What this task involves: Return exactly the final stretch of the records below, opening with the line that contains "先日、バリューコマースの2025年1年間の金額が確定しました。" and closing with the last line.

Supplied records:
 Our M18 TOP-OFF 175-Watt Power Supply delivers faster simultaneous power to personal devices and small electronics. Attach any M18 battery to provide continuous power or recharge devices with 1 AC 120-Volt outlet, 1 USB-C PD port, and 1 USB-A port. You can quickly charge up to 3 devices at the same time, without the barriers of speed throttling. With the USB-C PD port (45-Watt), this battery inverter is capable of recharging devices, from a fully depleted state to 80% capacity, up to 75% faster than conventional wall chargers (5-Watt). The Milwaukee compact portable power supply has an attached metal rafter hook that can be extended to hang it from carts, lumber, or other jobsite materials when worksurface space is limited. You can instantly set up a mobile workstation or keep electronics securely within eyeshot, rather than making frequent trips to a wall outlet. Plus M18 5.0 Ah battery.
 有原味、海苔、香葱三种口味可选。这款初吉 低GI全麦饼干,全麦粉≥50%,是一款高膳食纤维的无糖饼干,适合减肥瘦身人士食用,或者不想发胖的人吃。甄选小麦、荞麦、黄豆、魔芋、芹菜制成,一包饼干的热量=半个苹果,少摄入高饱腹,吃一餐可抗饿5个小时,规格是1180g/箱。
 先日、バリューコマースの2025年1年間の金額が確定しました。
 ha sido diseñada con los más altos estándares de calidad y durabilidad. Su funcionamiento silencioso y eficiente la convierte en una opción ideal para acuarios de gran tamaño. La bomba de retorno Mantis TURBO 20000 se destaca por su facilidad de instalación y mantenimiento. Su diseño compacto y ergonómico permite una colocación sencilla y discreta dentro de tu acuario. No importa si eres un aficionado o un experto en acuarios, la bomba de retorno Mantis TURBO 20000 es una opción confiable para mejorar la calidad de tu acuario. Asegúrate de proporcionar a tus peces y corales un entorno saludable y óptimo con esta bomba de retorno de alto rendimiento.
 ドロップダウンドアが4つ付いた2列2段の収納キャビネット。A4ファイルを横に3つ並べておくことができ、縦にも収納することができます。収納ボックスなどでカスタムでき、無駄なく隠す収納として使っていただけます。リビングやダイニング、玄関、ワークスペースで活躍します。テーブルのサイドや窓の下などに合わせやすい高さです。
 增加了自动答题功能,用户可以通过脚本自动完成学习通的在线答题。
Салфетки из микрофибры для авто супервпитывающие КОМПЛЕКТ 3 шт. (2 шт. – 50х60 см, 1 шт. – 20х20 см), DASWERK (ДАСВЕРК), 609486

Written solution:
 先日、バリューコマースの2025年1年間の金額が確定しました。
 ha sido diseñada con los más altos estándares de calidad y durabilidad. Su funcionamiento silencioso y eficiente la convierte en una opción ideal para acuarios de gran tamaño. La bomba de retorno Mantis TURBO 20000 se destaca por su facilidad de instalación y mantenimiento. Su diseño compacto y ergonómico permite una colocación sencilla y discreta dentro de tu acuario. No importa si eres un aficionado o un experto en acuarios, la bomba de retorno Mantis TURBO 20000 es una opción confiable para mejorar la calidad de tu acuario. Asegúrate de proporcionar a tus peces y corales un entorno saludable y óptimo con esta bomba de retorno de alto rendimiento.
 ドロップダウンドアが4つ付いた2列2段の収納キャビネット。A4ファイルを横に3つ並べておくことができ、縦にも収納することができます。収納ボックスなどでカスタムでき、無駄なく隠す収納として使っていただけます。リビングやダイニング、玄関、ワークスペースで活躍します。テーブルのサイドや窓の下などに合わせやすい高さです。
 增加了自动答题功能,用户可以通过脚本自动完成学习通的在线答题。
Салфетки из микрофибры для авто супервпитывающие КОМПЛЕКТ 3 шт. (2 шт. – 50х60 см, 1 шт. – 20х20 см), DASWERK (ДАСВЕРК), 609486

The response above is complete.